Architecture Overview

The ESL synchronization system uses an event-driven architecture with critical safety mechanisms to maintain consistency. When a user modifies data affecting Electronic Shelf Labels (ESLs), STREAM writes tasks to the database and publishes NATS messages for processing.

The key architectural constraint is per-label task ordering: all tasks affecting the same label must be processed sequentially according to their seq (global Postgres sequence number) to maintain consistency. This is enforced using Redis distributed locking, where each label is locked per global MAC address during processing. A single worker processes all pending tasks for a locked label in sequence order before releasing the lock.

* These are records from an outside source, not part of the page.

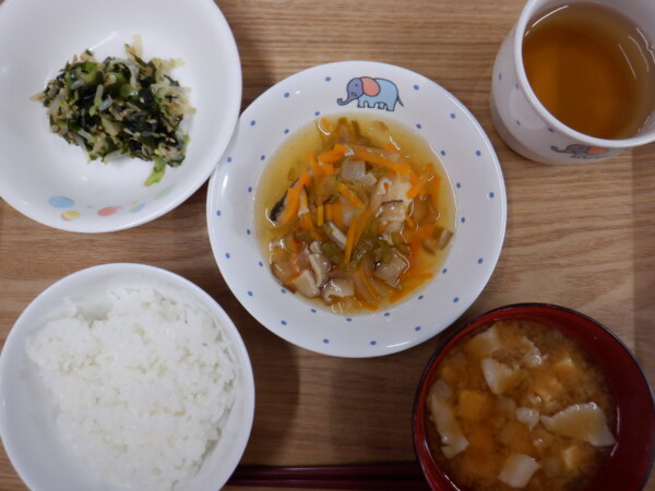 今日の給食は、 ごはん ホキの甘酢あんかけ もやしナムル 豆腐のみそ汁 です。
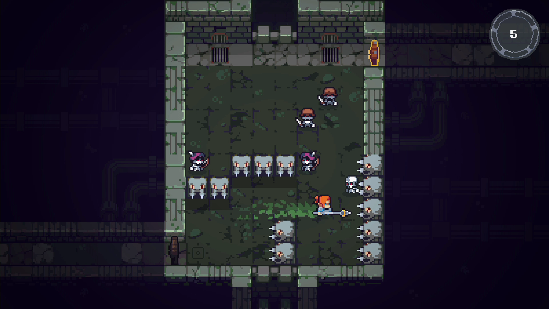 「槍」が長すぎて、この狭いダンジョンの部屋では思うように身動きが取れないようです…。
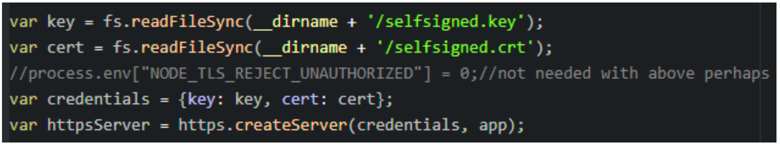Une fois les certificats créés, ils sont utilisés pour la création de notre serveur HTTPS:

To handle NATS message loss and worker crashes, two fallback mechanisms run continuously:

  • Polling Loop (every 10s): Scans the database for pending or failed tasks, spawning workers to process them by label
  • Recovery Loop (every 30s): Detects tasks stuck in processing for >2 minutes (indicating a worker crash) and marks them as failed, allowing the polling loop to retry them

uml diagram

Operational Details

Event-Driven Primary Path

When changes arrive through NATS, Solaris acquires a Redis lock for the affected label. This prevents concurrent workers from processing tasks for the same label out of order. The worker then processes all pending tasks for that label sequentially in seq order, pushing images to SoluM before releasing the lock.

Polling Loop (Fallback for Lost Messages)

Every 10 seconds, the polling mechanism scans the database for any pending or failed ESL tasks that haven't been picked up. When found, it spawns a worker for each label with pending tasks. This ensures that even if a NATS message is lost, tasks will eventually be processed without manual intervention.

Recovery Loop (Fallback for Crashed Workers)

Every 30 seconds, the recovery mechanism checks for tasks stuck in the "processing" state for longer than 2 minutes - a strong indicator that the worker crashed. These tasks are marked as failed, which makes them visible to the polling loop in the next cycle. The polling loop then retries them by spawning a fresh worker.

Consistency Through Sequencing

The seq ordering is critical: tasks are written to the database in a single transaction with their sequence numbers, ensuring total order. Redis locking by label prevents concurrent processing within a label, while the seq field ensures that when multiple jobs affecting overlapping labels are created in quick succession, tasks are processed in the correct order to maintain data consistency across all affected labels.